Swain County Imposes 12-Month Data Center Moratorium
- Swain County commissioners unanimously approved a 12-month moratorium on new data center construction. - Officials cited concerns about impacts on water, energy, noise, and scenic character and will form resident advisory committees. - The decisive pause follows similar actions in Boone and Watauga County amid a growing Western North Carolina backlash (bpr.org).
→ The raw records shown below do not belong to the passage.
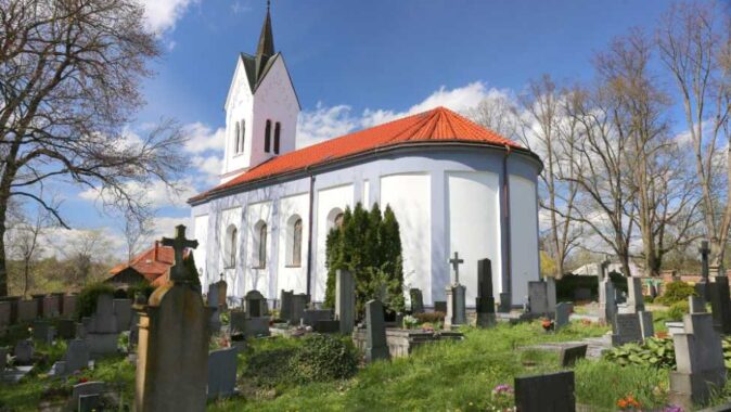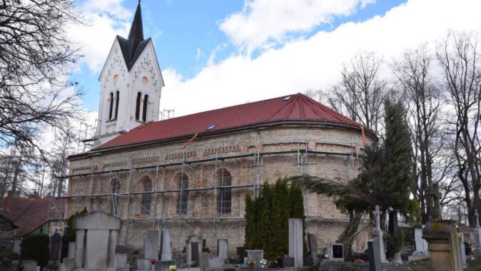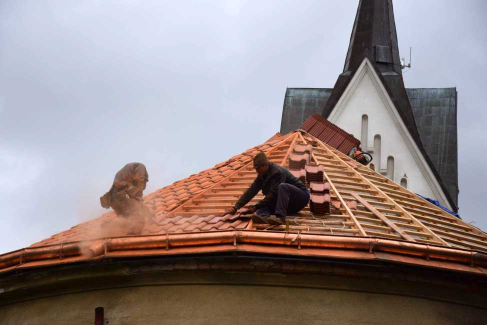 Konkrétně se na střechu pokládala keramická taška Rubín 13 z portfolia značky BMI BRAMAC v odstínu glazura měděná. Zvolený model a barevnost propůjčil střeše kostela velmi harmonický a tradiční vzhled a ladí k použitým klempířským prvkům z mědi (oplechovaná věž kostela, žlaby a svody). Samotná pokládka krytiny ovšem nebyla vůbec jednoduchá: „Pokrývač si musel pohrát s apsidou, u které se sbíhají tašky do jednoho bodu. Skoro každou tašku musel přiřezávat a pokládka mu zabrala třikrát více času, než rovné plochy,“ vysvětluje Jaromír Drda.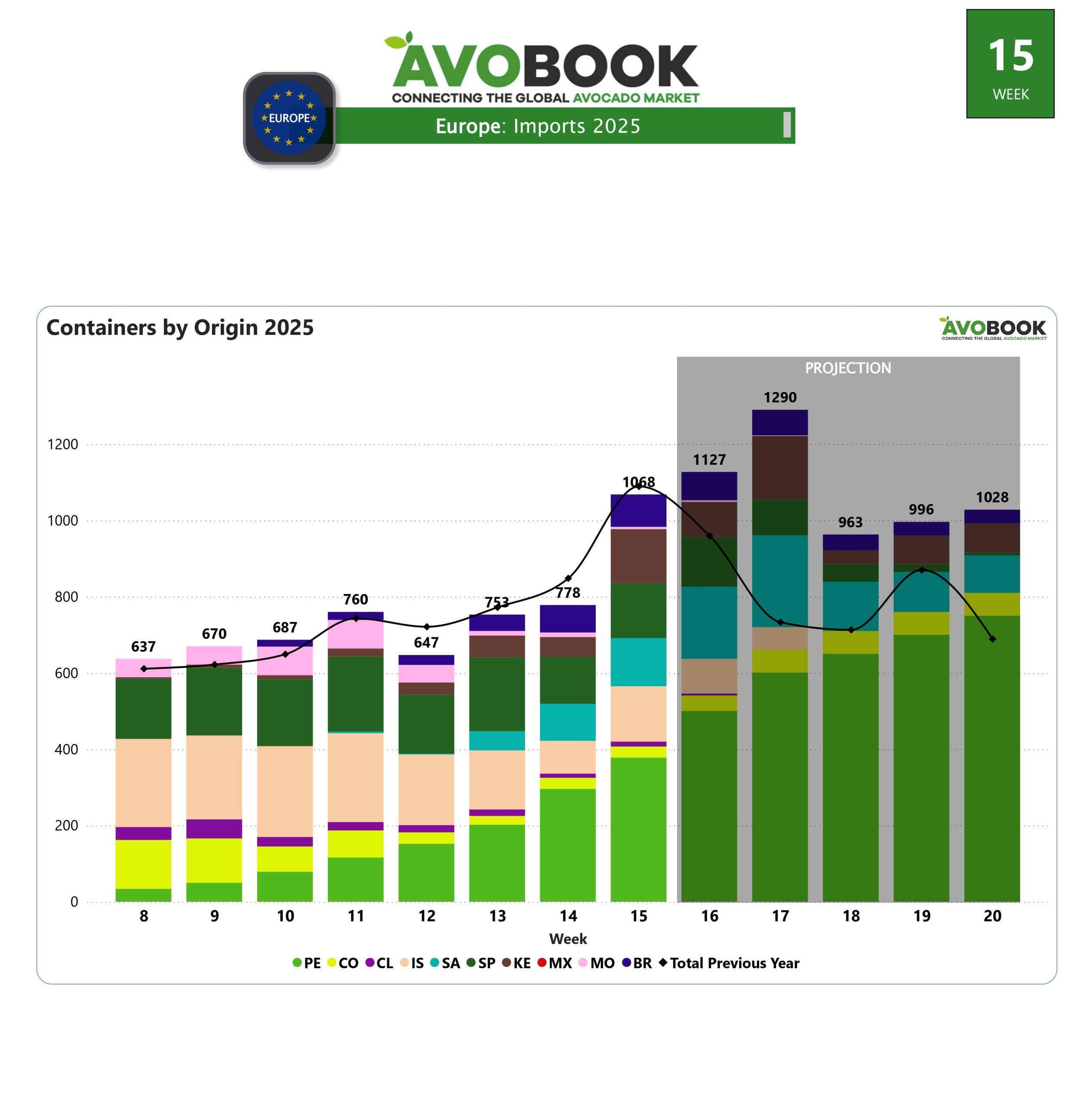 La semana 15 marcó un hito para el mercado europeo del aguacate con la llegada de 1.040 contenedores, un alza del 37% respecto a la semana anterior y, aunque aún se encuentra un 5% por debajo del volumen registrado en el mismo periodo del año pasado, se trata de la primera semana de 2025 en la que se supera la barrera de los mil contenedores. Curiosamente, fue también en la semana 15 del año pasado cuando se rompió esa marca, aunque con un volumen ligeramente superior al actual.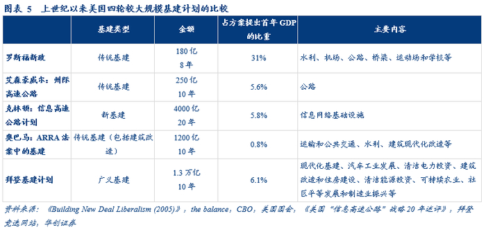 上世纪以来,美国经历过四次联邦政府主导的大规模基建投资,从历史比较看,拜登基建计划是上世纪以来美国第二大规模的联邦基建投资。上世纪以来美国联邦政府主导了四轮大规模基建投资,投资力度最大的是罗斯福新政,公共工程相关支出180亿美元,占1933年GDP的31%;投资力度最小的是奥巴马ARRA法案,其中基建类支出1200亿美元,占2009年GDP的0.8%。艾森豪威尔修建州际高速公路的耗资为250亿美元,约占1956年GDP的5.6%,克林顿的信息高速公路计划总投资额4000亿,占1993年GDP的5.8%。拜登竞选网站上公布的基建类支出大约为1.3万亿美元,约占2019年GDP的6.1%,是上世纪以来规模第二大的投资。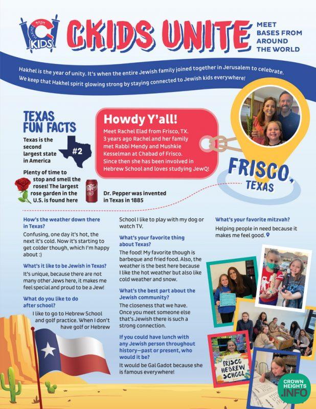 The 24-page magazine, developed by Mrs. Risa Bursk, includes its fair share of fun with features such as a “Mitzvah Mystery” page, I Spy, and crazy menorahs from around the world. Special for this year— the “CKids Unite” page lets readers meet fellow Jewish kids from around the world in honor of Hakhel.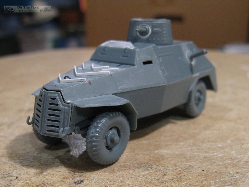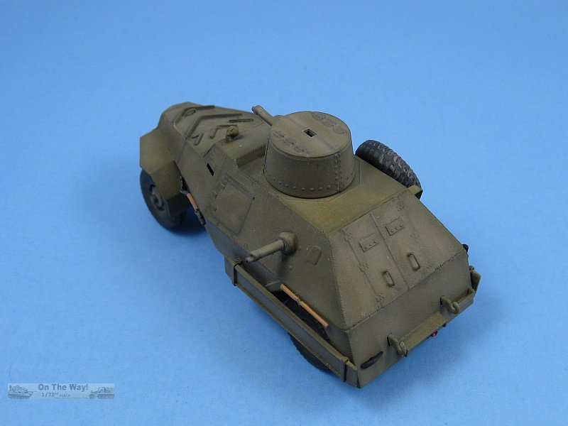 wheels touched the ground. The bracket on the rear hull and the tow rings have been added. The small black dot is where I figure the spare tire will be mounted. The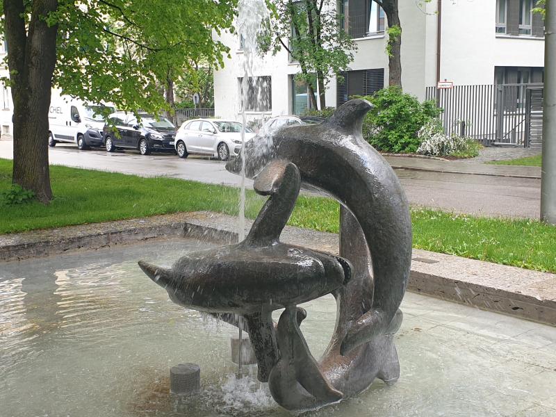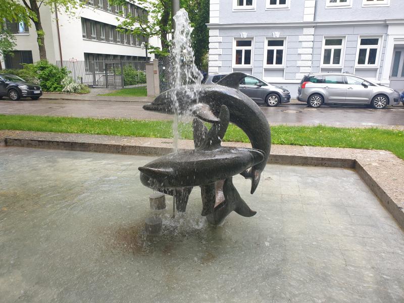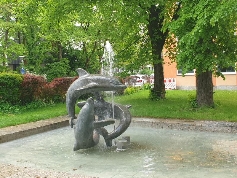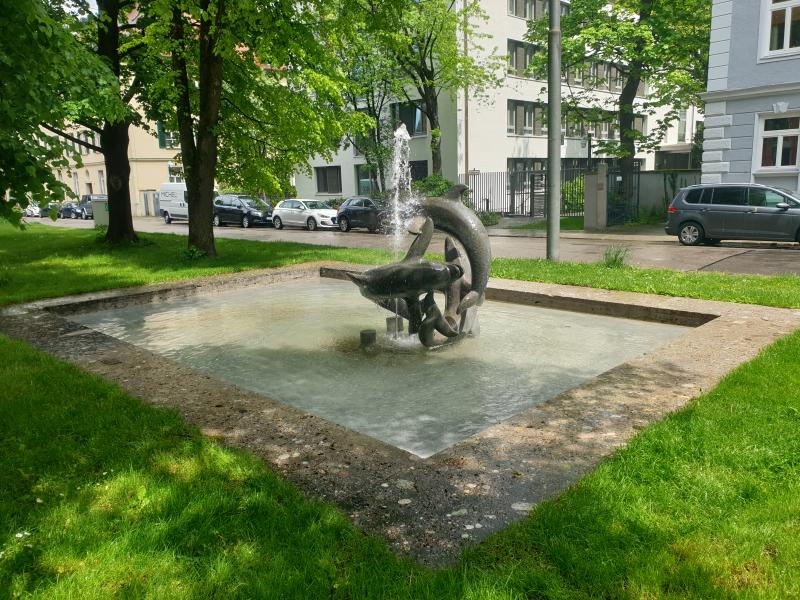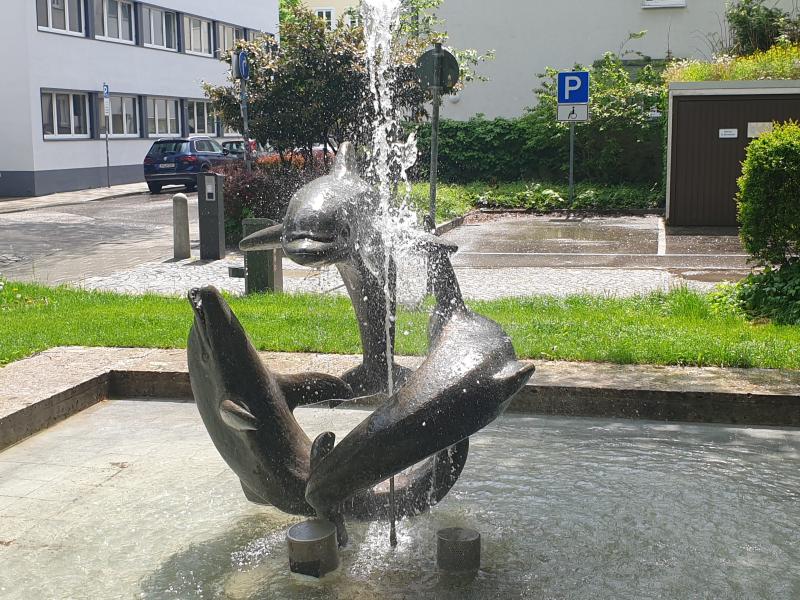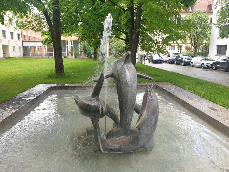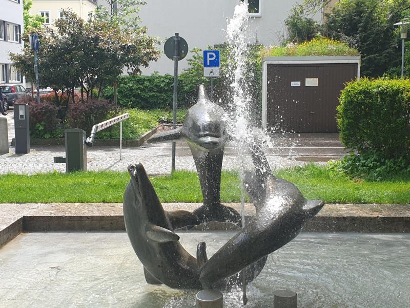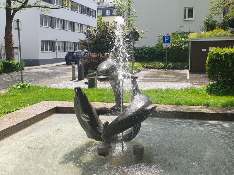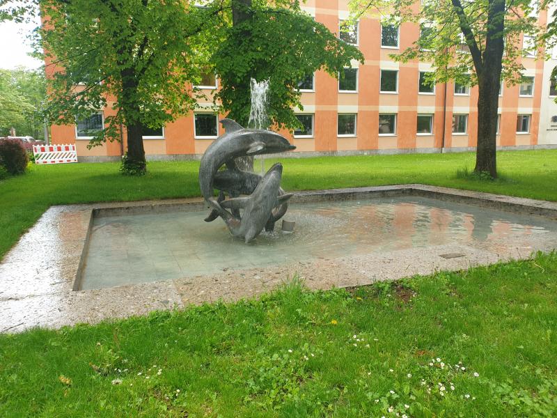 "Delphinbrunnen" befindet sich vor dem Gebäude des bayerischen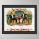 Vintage design cigar advertisement. Scene depicted is of two gentlemen dressed in tuxedos, seated at a table in a cigar lounge with the open veranda in the background.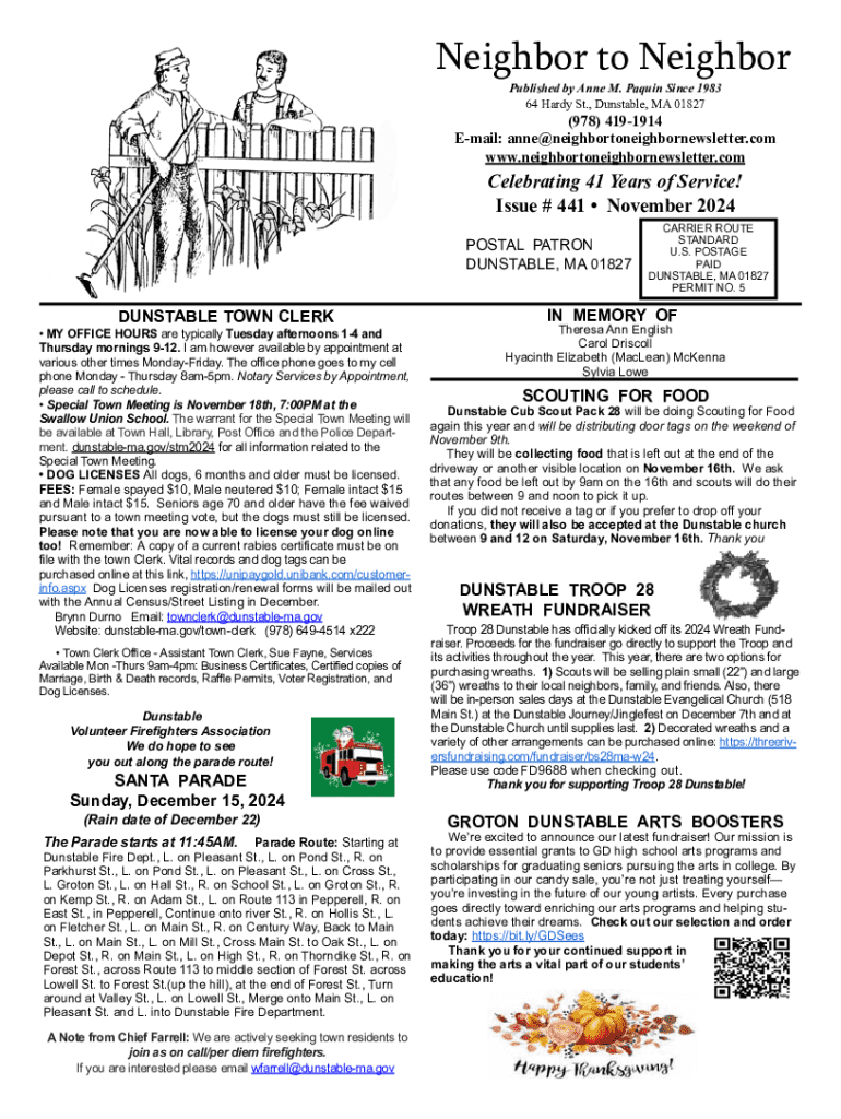 The Neighbor to Neighbor newsletter provides updates and information about community events, services, and local government activities in Dunstable and surrounding areas. This issue covers town meeting information, upcoming parades, dog licensing, holiday events, and resources for residents.

Swain County has frozen new data center construction for 12 months after commissioners voted unanimously on April 21 to pause permits countywide. (bpr.org) The vote followed a March 31 public hearing that drew about 140 residents, with speakers warning about water demand, electricity use, noise and the effect of large industrial buildings on mountain views. (bpr.org, smokymountainnews.com) County leaders said they will use the yearlong pause to study the issue and draft ordinance language, with resident advisory committees expected to help shape any permanent rules. (bpr.org, wunc.org) A data center is a warehouse full of servers that store files, run apps and handle artificial intelligence workloads. Those buildings can require heavy cooling and round-the-clock power, which is why local fights often center on water systems, substations and backup generators. (energy.gov, congress.gov, epa.gov) Swain County’s decision adds to a fast-moving backlash in Western North Carolina. Boone’s town council unanimously approved its own one-year moratorium on March 23, and Watauga County scheduled a public hearing for April 21 on a countywide pause. (wunc.org, wataugacounty.org) The pressure is tied to a broader buildout across North Carolina, where developers have been scouting rural sites with land, water and power access. Reporting on Swain’s hearing said residents from the Qualla Boundary and across the county connected the issue to a longer history of extraction in Appalachia. (bpr.org) Federal and research groups have been quantifying the strain local officials are worried about. A Congressional Research Service report said one large data center’s direct water use can roughly match 2,600 households, while a Lawrence Berkeley National Laboratory report found United States data center electricity demand is rising with artificial intelligence growth. (congress.gov, eta-publications.lbl.gov) Supporters of data centers often point to construction jobs, tax revenue and the digital services those facilities support, and federal agencies have recently published permitting and efficiency guidance as the sector expands. Swain County’s vote does not ban the industry outright; it gives the county until spring 2027 to decide what rules, if any, should replace the pause. (epa.gov, energy.gov, bpr.org)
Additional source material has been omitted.